Edit: indeed it's different, this is the result:

    ...
    Write in 219 microseconds
    Write in 253 microseconds
    Write in 264 microseconds
    Write in 271 microseconds
    Write in 246 microseconds
    ...

250 us instead of 13, but no big stops. So much better indeed... Even summing the times, every 10 writes this take 2500 us compared to 40000 us of fsync().

Definitely an improvement.

p.s. all this, in ext4 FS.

pquerna · on May 3, 2010

its not the same on filesystems like ext3 with ordered data mode (the default).

fsync on those kind of filesystems will flush everything, not just a single file, though I believe there has been some more recent work in 2.6 to improve this behavior.

jedbrown · on May 3, 2010

> recent work in 2.6

So, since 2003?

geocar · on May 3, 2010

This has nothing to do with fsync().

If you lseek() back to the beginning after each write(), this behavior should never occur.

Growing a file is complicated, and may require extra unexpected disk accesses while the directory entry is modified or the free blocks are reassigned. These are what are blocking the write(), and write() will do them eventually, on a busy enough system, whether you call fsync() or not.

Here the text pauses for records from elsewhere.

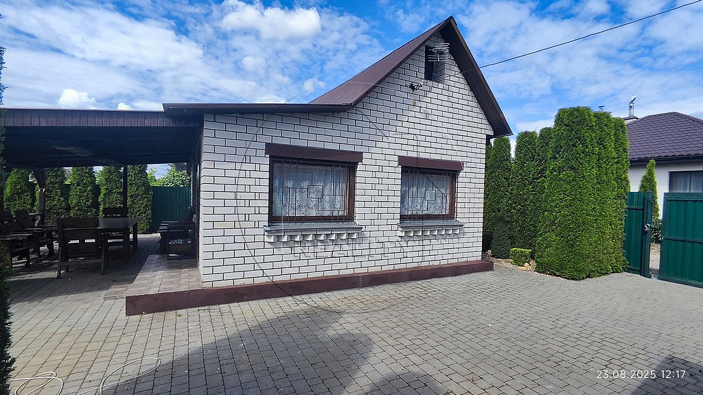 Фундамент дома - ленточный монолитный / армированный бетон/. Стены – каркасные, обложены силикатным кирпичом. Кровля- профнастил / металл. Окна - деревянные. На входе- металлическая входная дверь.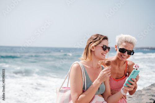 LGBT couple eating ice cream while checking their smartphone on a day at the beach together. summer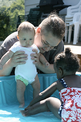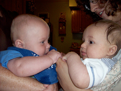 We tried a little smashed banana today, a lot of it got pushed back out, so I think we'll wait a bit and try again in a week or two. No rush. Really the teething is what's got his attention these days. He's sleeping more consistantly (9pm bed \ up at 1:30a to eat \ up at 4:30a to eat \ up between 6:30 and 7am for the day) and we're at least not up ever single hour of the night. Some of that is we've started to put him to sleep on a blanket on our bed, then when he's floppy we move him and the blanket to the crib. It worked really well until he started rolling in his sleep. So, now he's on a very thin blanket that we tuck in to the mattress once we move him. I think we made the mistake of putting to sleep in arms just to have him wake up when we put him down. But he's so much more alert and aware than he was. I think he will find our place boring now since there is no one here but us.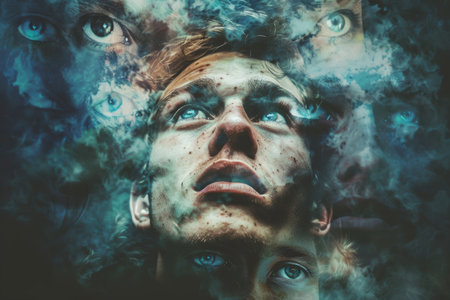 Conceptual portrait with man surrounded by his multiple personalities. Depressed person with multiple personality disorder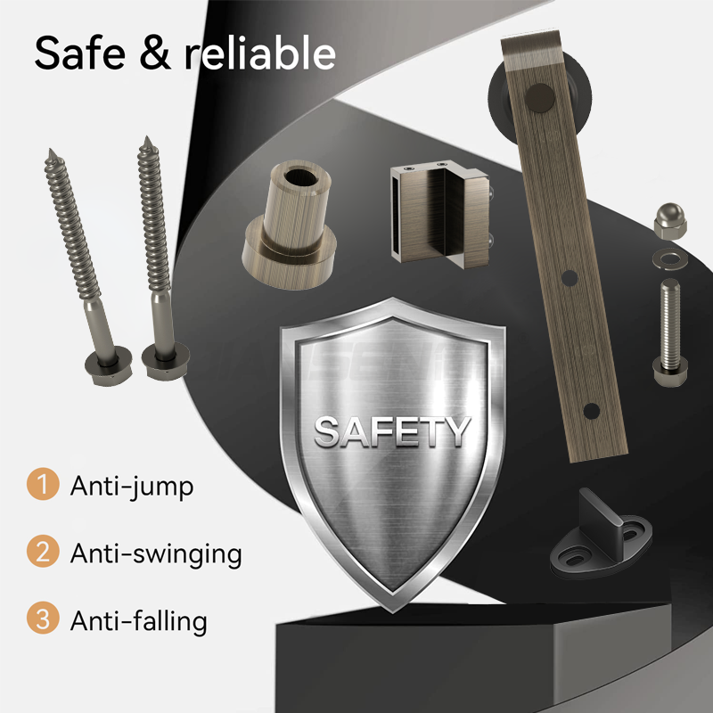 【Heavy-Duty Sturdy】The sliding door kit is crafted from 6mm thick, high-density premium carbon steel. Its surface features a high-temperature black powder coating. Equipped with corrosion resistance, color retention, rust prevention, waterproofing, and fire resistance, it ensures extended product life.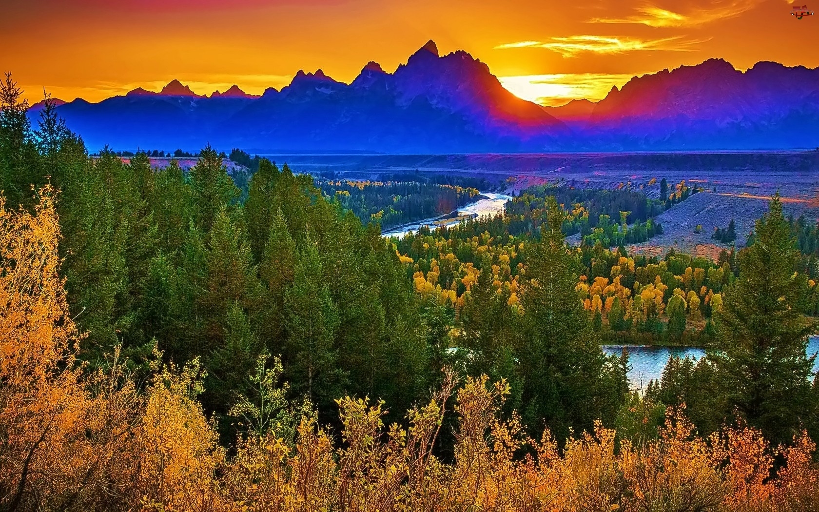 Lasy, Promienie, Góry, Słońca, Rzeka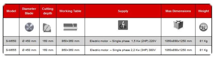 The Rosselli circular saw bench with sliding bench underwent some important changes and improvements over the years. This important evolution makes the Rosselli circular saw bench safer, more reliable and more robust. The S-M650 model is equipped with a 2HP (1,5kW) engine; the S-M655 model is equipped with a 3HP (2,2kW) engine.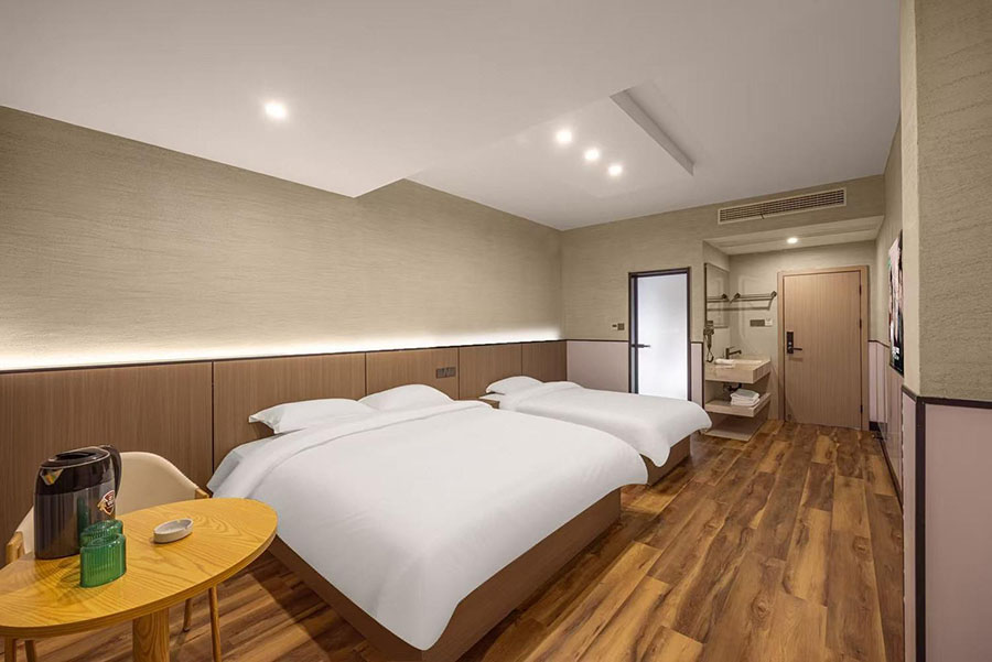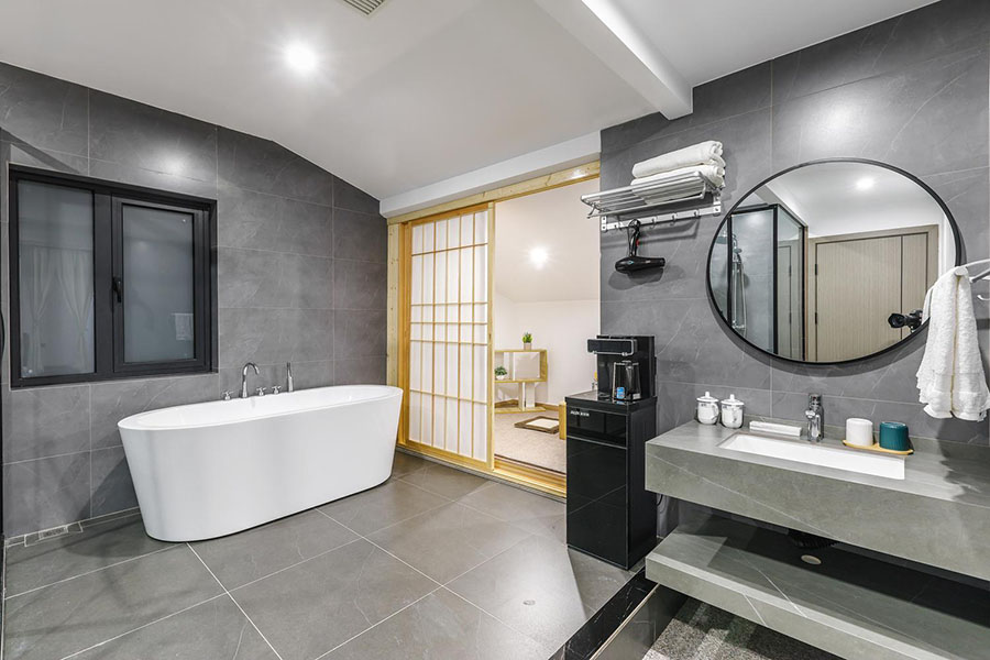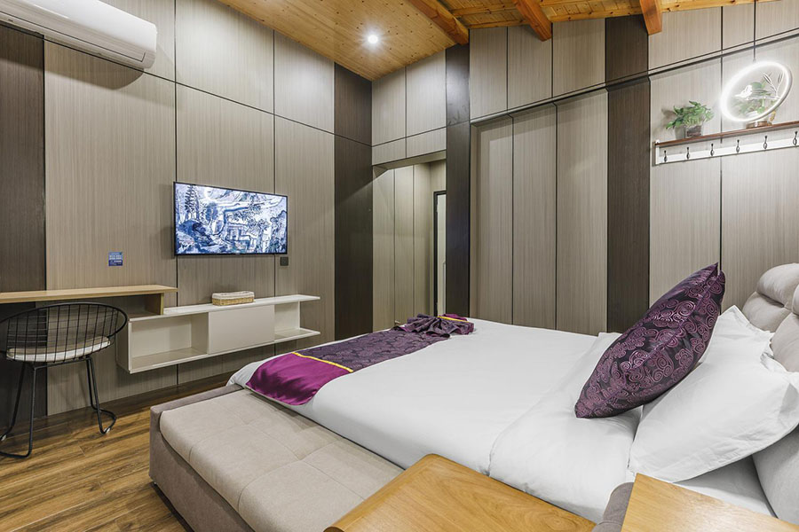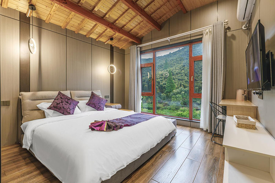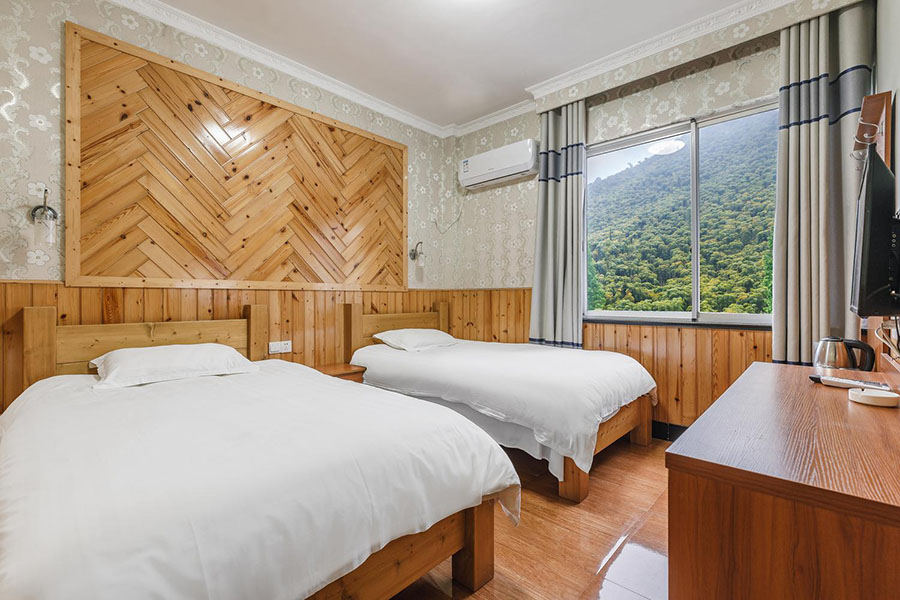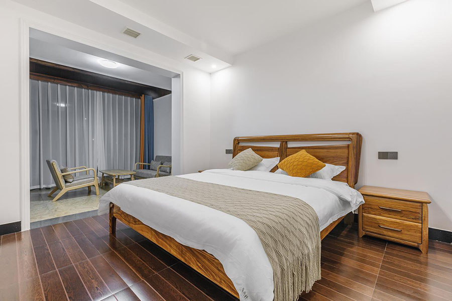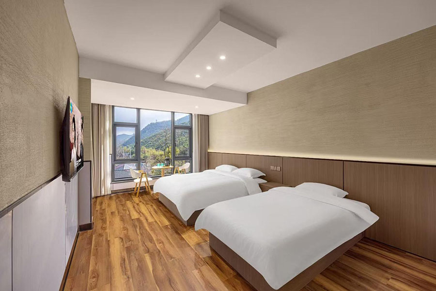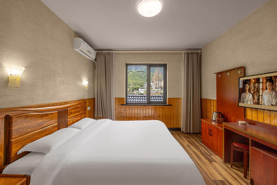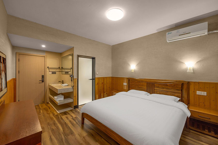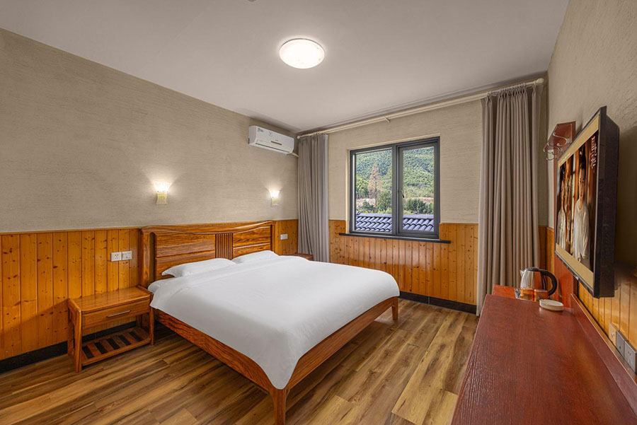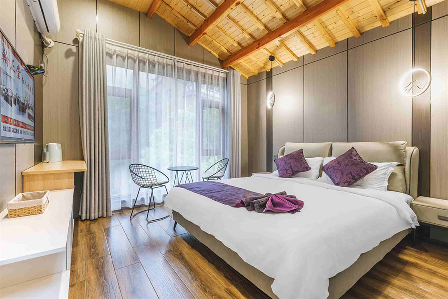 安吉依竹轩酒家身处田园与竹林的环抱之中,窗棂之外即是一幅幅镌秀苍翠的山水竹林画,令人心旷神怡。民宿内为您准备有整洁温馨的休憩空间,共有28间舒适客房,设有18间标间、4间大床房、2间三人间和4间亲子间,能同时接待62人入住。房间属极简原木风设计,均配备有空调、独立卫浴等齐全设施,色调柔和,氛围安逸,在保障您出行便利的同时,也为您带去了乡居的宁静,让您在这里能尽情享受大自然的生动,体验返璞归真的无限乐趣。

houseabsolute · on May 3, 2010

Seems like a userspace write queue would solve the write-delay problem. On the other hand, it's very dangerous to report success to the user before the changes actually hit the disk, because they might make some other change to the world that depends on the contents of that file being on disk, leading to an inconsistent state.

azim · on May 3, 2010

One thing the author of this post is doing here is calling gettimeofday() in every iteration through the loops. That's an awful way to benchmark something. gettimeofday() issues a serializing instruction, which can potentially flush the entire pipeline. It can also cause cores to sync their clocks. Either way, the net result of calling gettimeofday() too often is awful multithreaded performance. Calling it much less often or using a profiler would give very different results than reported.

rbranson · on May 3, 2010

Have you considered timing the average wait time for fsync() and continuously adjusting a timer to fsync() every N milliseconds based on this data? You could queue all of your response-to-client messages to wait on this fsync(), and do tens of these per second, even on a slow drive. This technique can potentially get client responses down to fractions of a second, even in high throughput scenarios.

on May 3, 2010

[deleted]

antirez · on May 3, 2010

Hello, I already use fdatasync() in the actual Redis source code. Unfortunately it has the same problem about blocking write() but still most of the times it's much faster.